*Data extract*
________________________

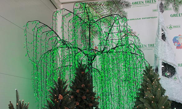 Под открытым небом вы сможете посмотреть более 10 моделей больших уличных елок вплоть до 23 метров в высоту. Это уникальная для России экспозиция, в которой общая стоимость выставленной продукции составляет более 15 миллионов рублей.
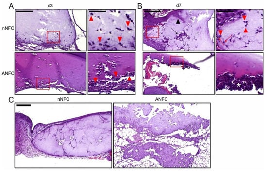Cell infiltration into nanofibrillar cellulose (NFC) hydrogels. (A) Day 3. Native NFC (nNFC) hydrogel shows minimal, mostly neutrophilic infiltration, while there is minimal to moderate but largely superficial neutrophilic or mixed inflammatory infiltration into the anionic NFC (ANFC) hydrogel. Scale bar in the images on the left, 200 µm. Higher magnification with neutrophils marked with red arrowheads is shown on the right, scale bar 50 µm. (B) Day 7. Native NFC hydrogel is invaded mostly by neutrophils (red arrowhead) with few macrophages (red arrow), and small number of mesenchymal cells (black arrow) and epidermal cells (black arrowhead) infiltrating into the hydrogel in some samples. ANFC hydrogel shows minimal to marked infiltrates of neutrophil debris (asterisk). Scale bar in the images on the left, 200 µm. Higher magnification is shown on the right, scale bar 50 µm. (C) On the left, native NFC hydrogel aggregate is enclosed in a layer of fibrin and a loose layer of cellular debris containing neutrophils, macrophages, and mesenchymal cells. On the right, fragmented ANFC hydrogel covers and submerges inside the adipose tissue. Scale bar, 200 µm.
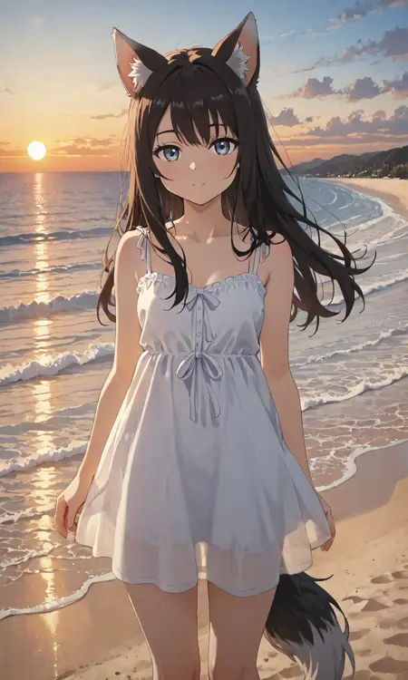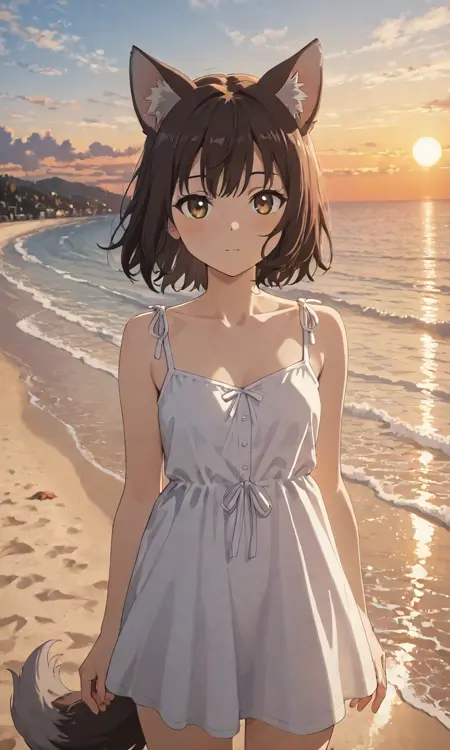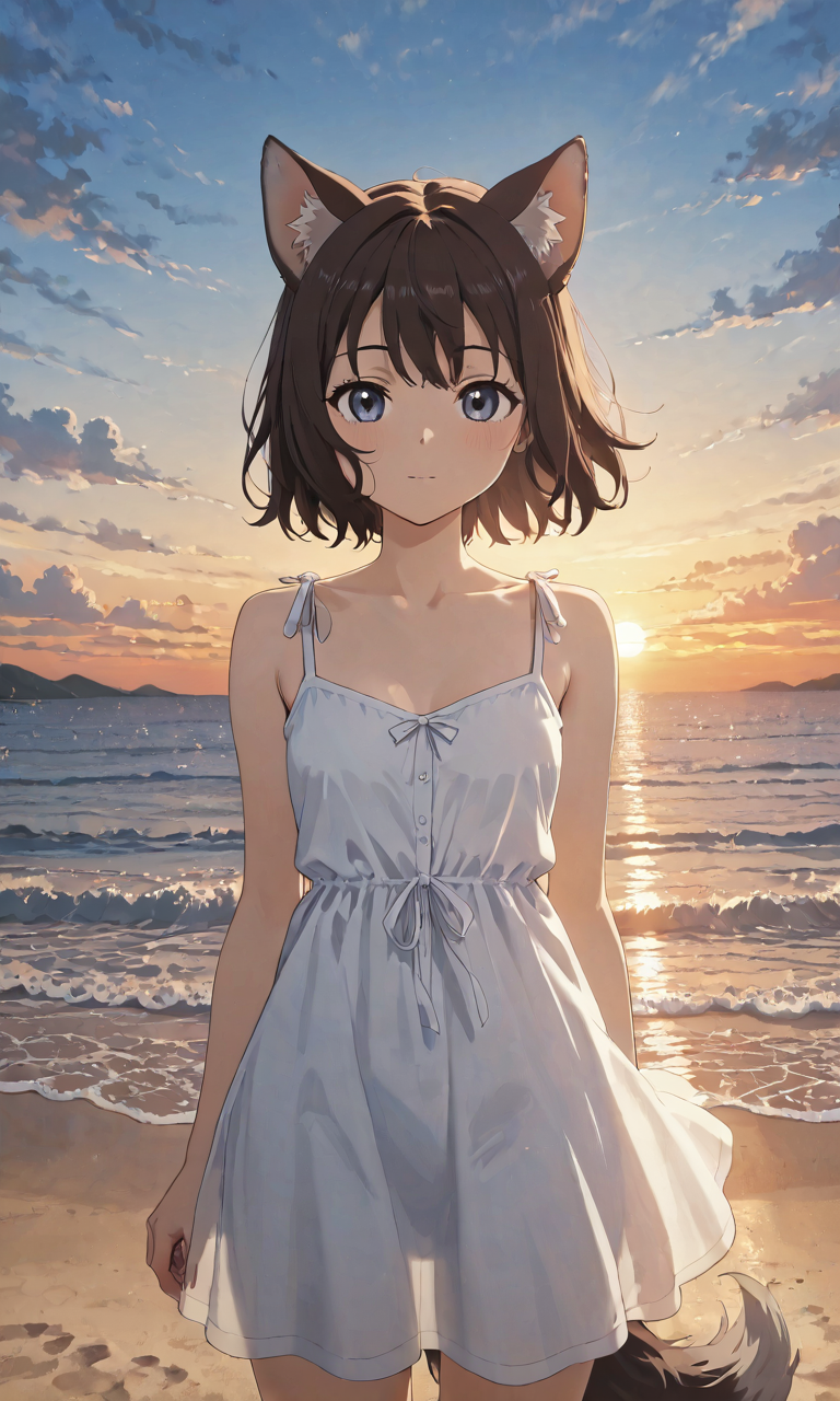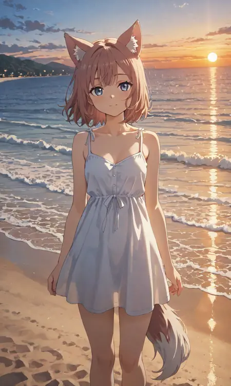 杰作,可爱,甜美,(最佳品质:1.3),非常美学,1个女孩,单人,脸红,(高清眼睛),(高渐变眼睛),(细节丰富的眼睛),(高清晰度眼睛),(中等胸部:1.2),下垂乳房,表情满足,海滩,大海,沙子,日落,(trg_sain),白色连衣裙,夏日连衣裙,夏日帽子

________________________

Copy all the material word for word, minus its pictures.

 Под открытым небом вы сможете посмотреть более 10 моделей больших уличных елок вплоть до 23 метров в высоту. Это уникальная для России экспозиция, в которой общая стоимость выставленной продукции составляет более 15 миллионов рублей.
Cell infiltration into nanofibrillar cellulose (NFC) hydrogels. (A) Day 3. Native NFC (nNFC) hydrogel shows minimal, mostly neutrophilic infiltration, while there is minimal to moderate but largely superficial neutrophilic or mixed inflammatory infiltration into the anionic NFC (ANFC) hydrogel. Scale bar in the images on the left, 200 µm. Higher magnification with neutrophils marked with red arrowheads is shown on the right, scale bar 50 µm. (B) Day 7. Native NFC hydrogel is invaded mostly by neutrophils (red arrowhead) with few macrophages (red arrow), and small number of mesenchymal cells (black arrow) and epidermal cells (black arrowhead) infiltrating into the hydrogel in some samples. ANFC hydrogel shows minimal to marked infiltrates of neutrophil debris (asterisk). Scale bar in the images on the left, 200 µm. Higher magnification is shown on the right, scale bar 50 µm. (C) On the left, native NFC hydrogel aggregate is enclosed in a layer of fibrin and a loose layer of cellular debris containing neutrophils, macrophages, and mesenchymal cells. On the right, fragmented ANFC hydrogel covers and submerges inside the adipose tissue. Scale bar, 200 µm.
 杰作,可爱,甜美,(最佳品质:1.3),非常美学,1个女孩,单人,脸红,(高清眼睛),(高渐变眼睛),(细节丰富的眼睛),(高清晰度眼睛),(中等胸部:1.2),下垂乳房,表情满足,海滩,大海,沙子,日落,(trg_sain),白色连衣裙,夏日连衣裙,夏日帽子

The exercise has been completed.